> Exercise requirements
Apart from the pictures, every line below is to be set down exactly.

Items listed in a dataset
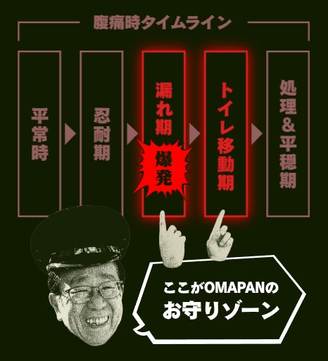 OMAPANは、危険かもしれないという時にお守りとしてご活用ください。但し、あくまでオムツ未満のため、爆発した場合、パンツ内は悲惨な状態です。くれぐれも漏れたまま過ごすのではなく、トイレ移動後の平穏タイムまでの時間稼ぎとしてお使いください。
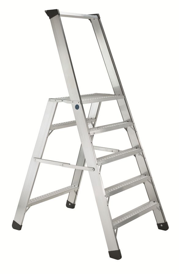 Die neuen Leitern gibt es als Stehleiter, einseitig begehbares Arbeitspodest sowie als beidseitig begehbares Arbeitspodest, jeweils in drei verschiedenen Größen. Neben der Wetterfestigkeit mit dem integrierten Wasserablauf sind die Leitern durch eine besonders hohe Stabilität gekennzeichnet. Dafür sorgen die hochfeste 7-Punkt-Stufen-Holm-Verbindung mit einem Auflagesteg in der Stufenmitte sowie eine klappbare Metallverbindung auf beiden Seiten. Die glatten, grifffreundlichen Holme sorgen für hohen Komfort bei der Handhabung, eine große Plattform für sicheren Stand beim Arbeiten.
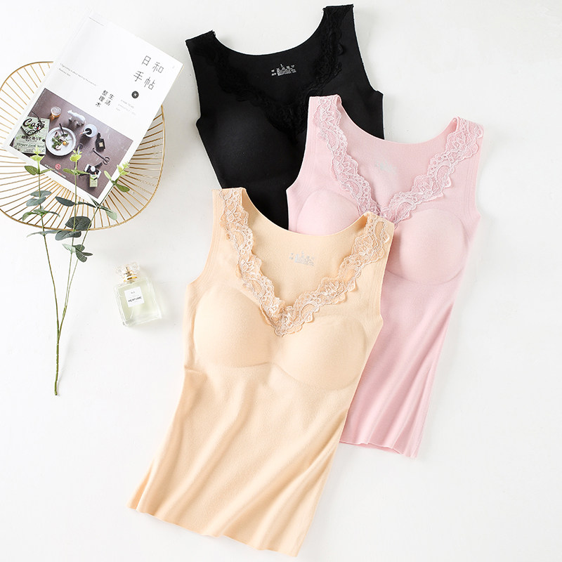 Japan's hot and velvet warm vest women plus velvet thickened with chest pad no-wear bra bottoming shirt underwear autumn and winter
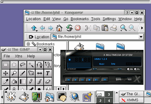 Cluttered desktop? No problem! KDE2 has a "show/hide desktop" button in the kicker.
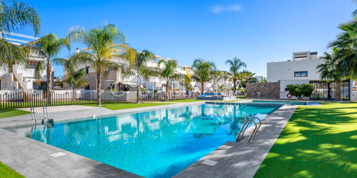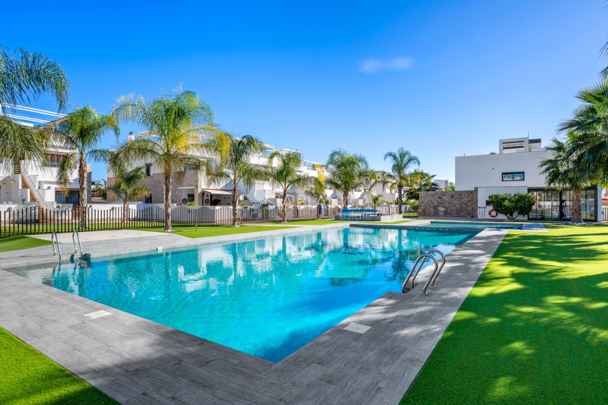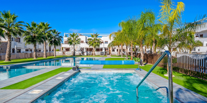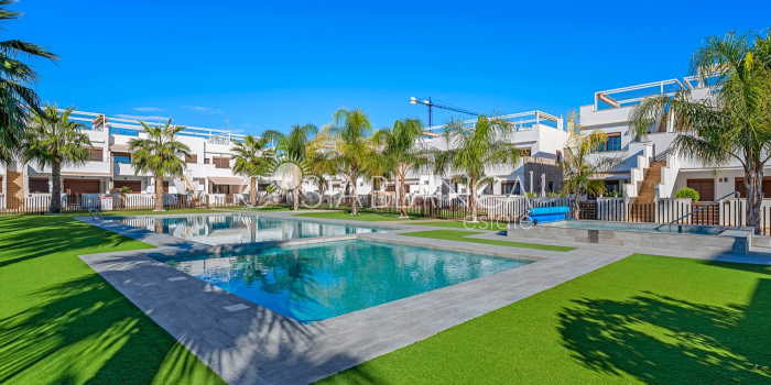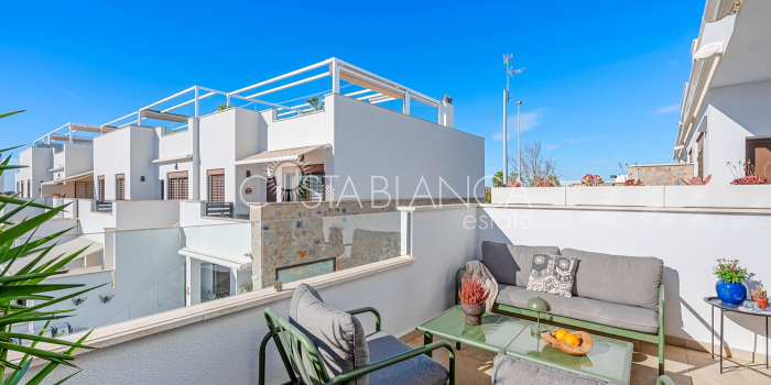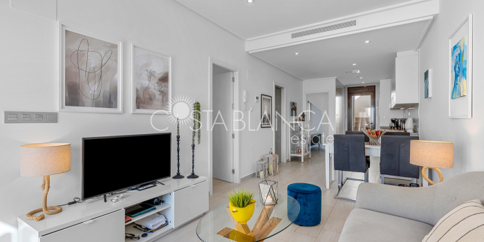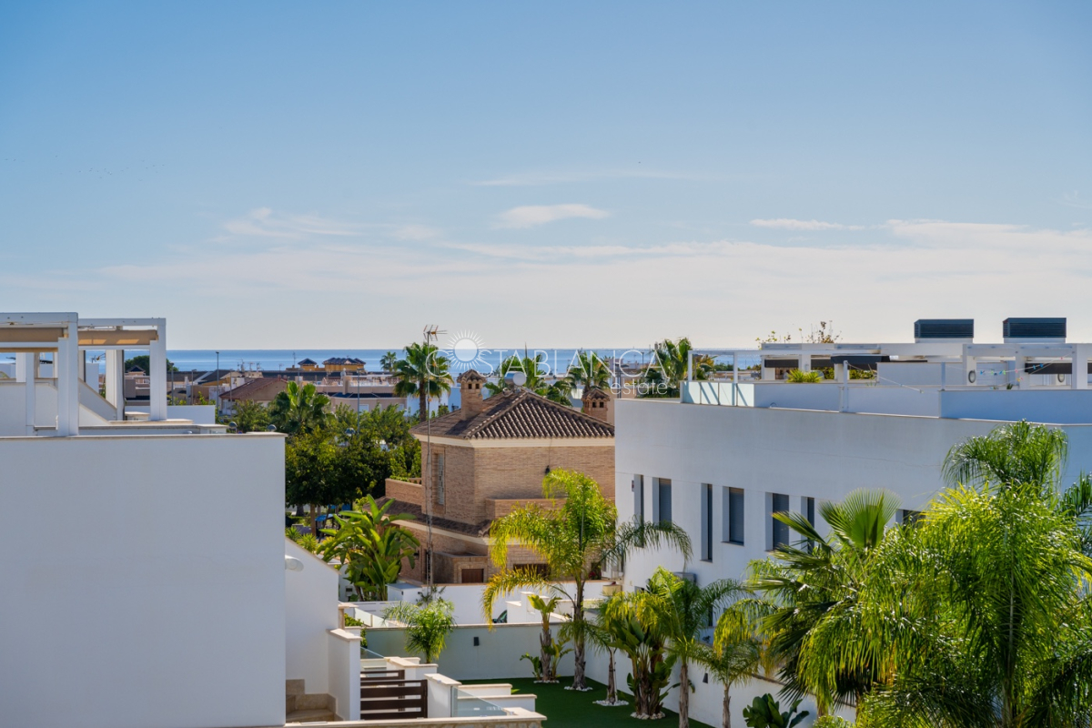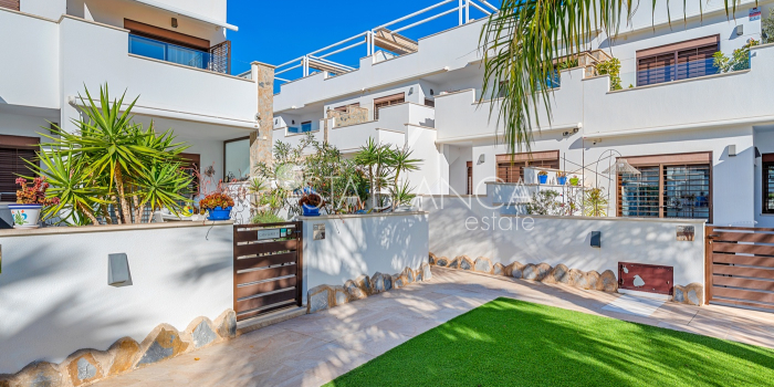To piękne mieszkanie typu penthouse w Torre de la Horadada znajduje się w odległości spaceru od plaży, centrum handlowego i wielu innych atrakcji! Mieszkanie ma powierzchnię 67 m², w której znajdują się dwie podwójne sypialnie i dwie nowoczesne łazienki; jedna z nich przynależy do sypialni głównej. Jest także jasna kuchnia w układzie otwartym połączona z jadalnią i salonem. Z kuchni jest bezpośrednie wyjście na taras na dachu, a z salonu – na piękny taras od strony południowej. Mieszkanie wyposażone jest w centralną klimatyzację (ciepło/zimno) oraz ogrzewanie podłogowe w obu łazienkach. Strefa zewnętrznaPrzy wejściu do mieszkania znajduje się piękny taras od strony południowej z wysuwanym daszkiem i miejscem do siedzenia. Stąd roztacza się widok na część wspólną.Mieszkanie posiada również duży taras na dachu z miejscem na kilka stref wypoczynkowych. Część tarasu jest zadaszona wysuwanym daszkiem. Znajduje się tam również pomieszczenie gospodarcze. Mieszkanie jest częścią kompleksu mieszkalnego z basenem, jacuzzi, siłownią, sauną i terenami zielonymi. Do mieszkania przynależy prywatne miejsce parkingowe w garażu podziemnym.
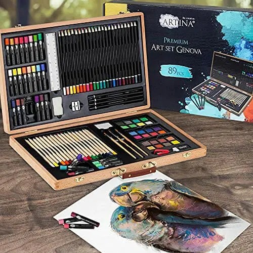 Artina 89-częściowy zestaw do malowania z walizką Genova – zestaw artystyczny XXL w walizce drewnianej – pudełko z kredkami woskowymi, zestaw kredek, akwareli

> Written response
 OMAPANは、危険かもしれないという時にお守りとしてご活用ください。但し、あくまでオムツ未満のため、爆発した場合、パンツ内は悲惨な状態です。くれぐれも漏れたまま過ごすのではなく、トイレ移動後の平穏タイムまでの時間稼ぎとしてお使いください。
 Die neuen Leitern gibt es als Stehleiter, einseitig begehbares Arbeitspodest sowie als beidseitig begehbares Arbeitspodest, jeweils in drei verschiedenen Größen. Neben der Wetterfestigkeit mit dem integrierten Wasserablauf sind die Leitern durch eine besonders hohe Stabilität gekennzeichnet. Dafür sorgen die hochfeste 7-Punkt-Stufen-Holm-Verbindung mit einem Auflagesteg in der Stufenmitte sowie eine klappbare Metallverbindung auf beiden Seiten. Die glatten, grifffreundlichen Holme sorgen für hohen Komfort bei der Handhabung, eine große Plattform für sicheren Stand beim Arbeiten.
 Japan's hot and velvet warm vest women plus velvet thickened with chest pad no-wear bra bottoming shirt underwear autumn and winter
 Cluttered desktop? No problem! KDE2 has a "show/hide desktop" button in the kicker.
To piękne mieszkanie typu penthouse w Torre de la Horadada znajduje się w odległości spaceru od plaży, centrum handlowego i wielu innych atrakcji! Mieszkanie ma powierzchnię 67 m², w której znajdują się dwie podwójne sypialnie i dwie nowoczesne łazienki; jedna z nich przynależy do sypialni głównej. Jest także jasna kuchnia w układzie otwartym połączona z jadalnią i salonem. Z kuchni jest bezpośrednie wyjście na taras na dachu, a z salonu – na piękny taras od strony południowej. Mieszkanie wyposażone jest w centralną klimatyzację (ciepło/zimno) oraz ogrzewanie podłogowe w obu łazienkach. Strefa zewnętrznaPrzy wejściu do mieszkania znajduje się piękny taras od strony południowej z wysuwanym daszkiem i miejscem do siedzenia. Stąd roztacza się widok na część wspólną.Mieszkanie posiada również duży taras na dachu z miejscem na kilka stref wypoczynkowych. Część tarasu jest zadaszona wysuwanym daszkiem. Znajduje się tam również pomieszczenie gospodarcze. Mieszkanie jest częścią kompleksu mieszkalnego z basenem, jacuzzi, siłownią, sauną i terenami zielonymi. Do mieszkania przynależy prywatne miejsce parkingowe w garażu podziemnym.
 Artina 89-częściowy zestaw do malowania z walizką Genova – zestaw artystyczny XXL w walizce drewnianej – pudełko z kredkami woskowymi, zestaw kredek, akwareli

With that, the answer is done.